# Unique Wax for Auction - Children in Need



## WHIZZER (Oct 25, 2005)

News from BearsWaxFactory

Hi all, the nice people at Car Chem have donated a bespoke wax to us and there other resellers which will be auctioned off this coming weekend for Children In Need.

It is rather special as it has four layer to it.

1= winter

2+3 = summer

4 = winter

So its a wax for all seasons and smells of refreshers. This really is special wax and we are told it won't be available for general sale.

Auction starts on our Facebook page at 4pm on 15/11/13 and will run until midnight on Sunday. Starting bid is only £5 and then increases with your bids in £2 (or more if you like) increments. All the money generated will go to Children in Need.

Winner will need to pay ourselves the winning amount which we will forwards to the Charity and supply us with delivery details to get your wax. Bids submitted after Midnight on Sunday won't count.

All you need to do is get over to our FB page and like us and then post your bid between Friday and Sunday.

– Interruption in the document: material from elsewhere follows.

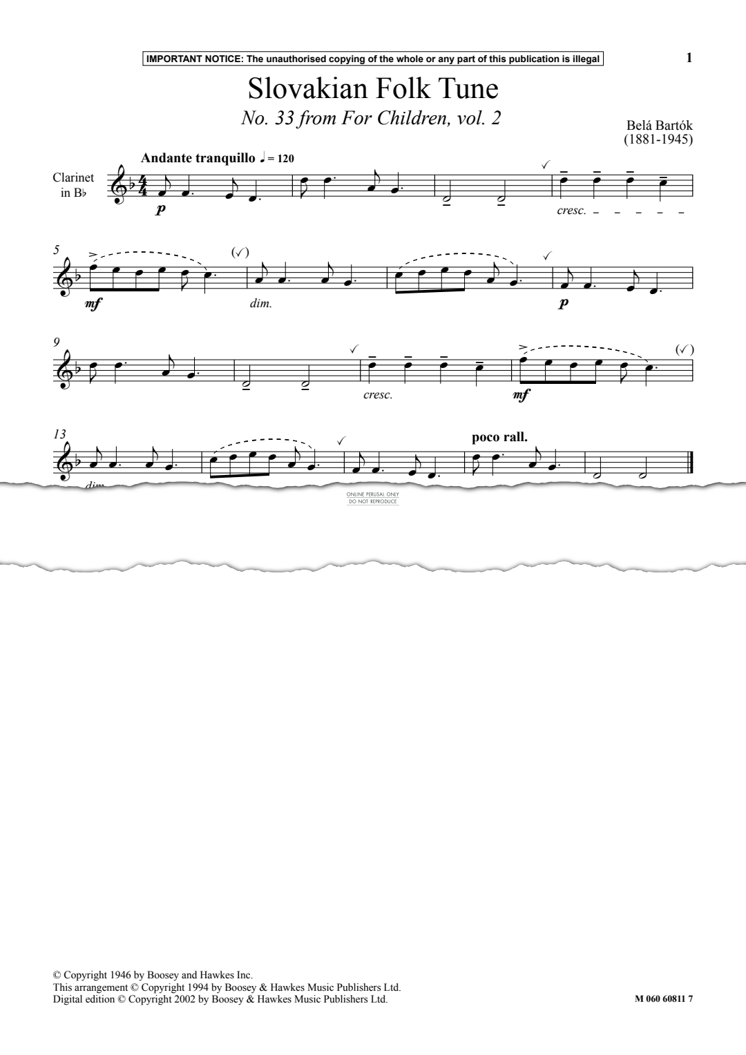 Slovakian Folk Tune (No. 33 from For Children Volume 2) - Noten für Klarinette, Klavier Bela Bartok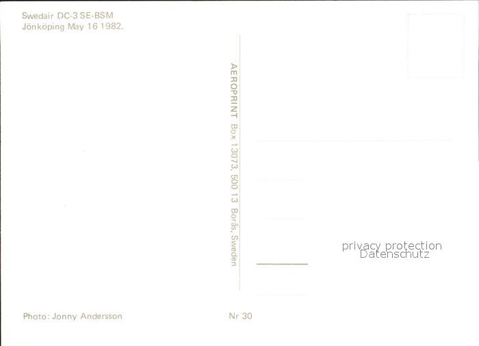 Flugzeuge Zivil Swedair DC-3 SE-BSM postalisch nicht gelaufen Erhaltung siehe scans

www.facebook.com/bearswaxfactory

Any questions please ask and help us raise some money for a good cause!









[/URL]


----------



## DLGWRX02 (Apr 6, 2010)

Can bids be placed by people NOT on facebook?


----------



## Bearswaxfactory (Sep 5, 2010)

Sadly not on this one. Appreciate not everybody uses Facebook though so watch this space for something else we are working on in the near future....


----------



## Caracul (Oct 24, 2013)

Does that mean you're expected to get through the whole pot in a year? Must mean the durability isn't that great!


----------